Giter Site home page Giter Site logo

figaro's Introduction

FIGARO: Generating Symbolic Music with Fine-Grained Artistic Control

Listen to the samples on Soundcloud.

Paper: https://openreview.net/forum?id=NyR8OZFHw6i

Colab Demo: https://colab.research.google.com/drive/1UAKFkbPQTfkYMq1GxXfGZOJXOXU_svo6


Getting started

Prerequisites:

  • Python 3.9
  • Conda

Setup

  1. Clone this repository to your disk
  2. Install required packages (see requirements.txt). With venv:
python3 -m venv .venv
source .venv/bin/activate
pip install -r requirements.txt

Preparing the Data

To train models and to generate new samples, we use the Lakh MIDI dataset (altough any collection of MIDI files can be used).

  1. Download (size: 1.6GB) and extract the archive file:
wget http://hog.ee.columbia.edu/craffel/lmd/lmd_full.tar.gz
tar -xzf lmd_full.tar.gz
  1. You may wish to remove the archive file now: rm lmd_full.tar.gz

Download Pre-Trained Models

If you don't wish to train your own models, you can download our pre-trained models.

  1. Download (size: 2.3GB) and extract the archive file:
wget -O checkpoints.zip https://polybox.ethz.ch/index.php/s/a0HUHzKuPPefWkW/download
unzip checkpoints.zip
  1. You may wish to remove the archive file now: rm checkpoints.zip

Training

Training arguments such as model type, batch size, model params are passed to the training scripts via environment variables.

Available model types are:

  • vq-vae: VQ-VAE model used for the learned desription
  • figaro: FIGARO with both the expert and learned description
  • figaro-expert: FIGARO with only the expert description
  • figaro-learned: FIGARO with only the learned description
  • figaro-no-inst: FIGARO (expert) without instruments
  • figaro-no-chord: FIGARO (expert) without chords
  • figaro-no-meta: FIGARO (expert) without style (meta) information
  • baseline: Unconditional decoder-only baseline following Huang et al. (2018)

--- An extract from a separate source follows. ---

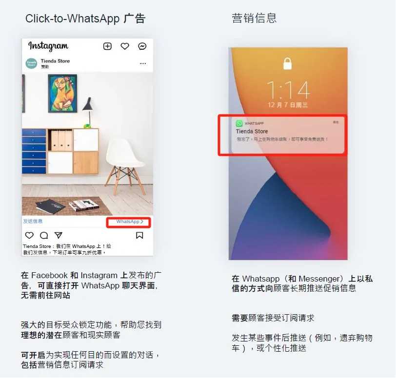 Facebook和Instagram是出海企业进行广告投放的主要平台,如何让广告产生直接的效益呢?Click to WhatsApp 广告为企业提供了一种高效且便捷的营销方式。在Facebook或Instagram广告中嵌入 WhatsApp 图标或按钮,用户只需点击即可直接与企业展开对话。这种方式大大降低了用户与企业沟通的门槛,提高了用户的参与度,而且点击按钮的用户也是对产品或服务感兴趣的“优质”用户,有利于进一步的转化。

Example invocation of the training script is given by the following command:

MODEL=figaro-expert python src/train.py

For models using the learned description (figaro and figaro-learned), a pre-trained VQ-VAE checkpoint needs to be provided as well:

MODEL=figaro VAE_CHECKPOINT=./checkpoints/vq-vae.ckpt python src/train.py

Generation

To generate samples, make sure you have a trained checkpoint prepared (either download one or train it yourself). For this script, make sure that the dataset is prepared according to Preparing the Data. This is needed to extract descriptions, based on which new samples can be generated.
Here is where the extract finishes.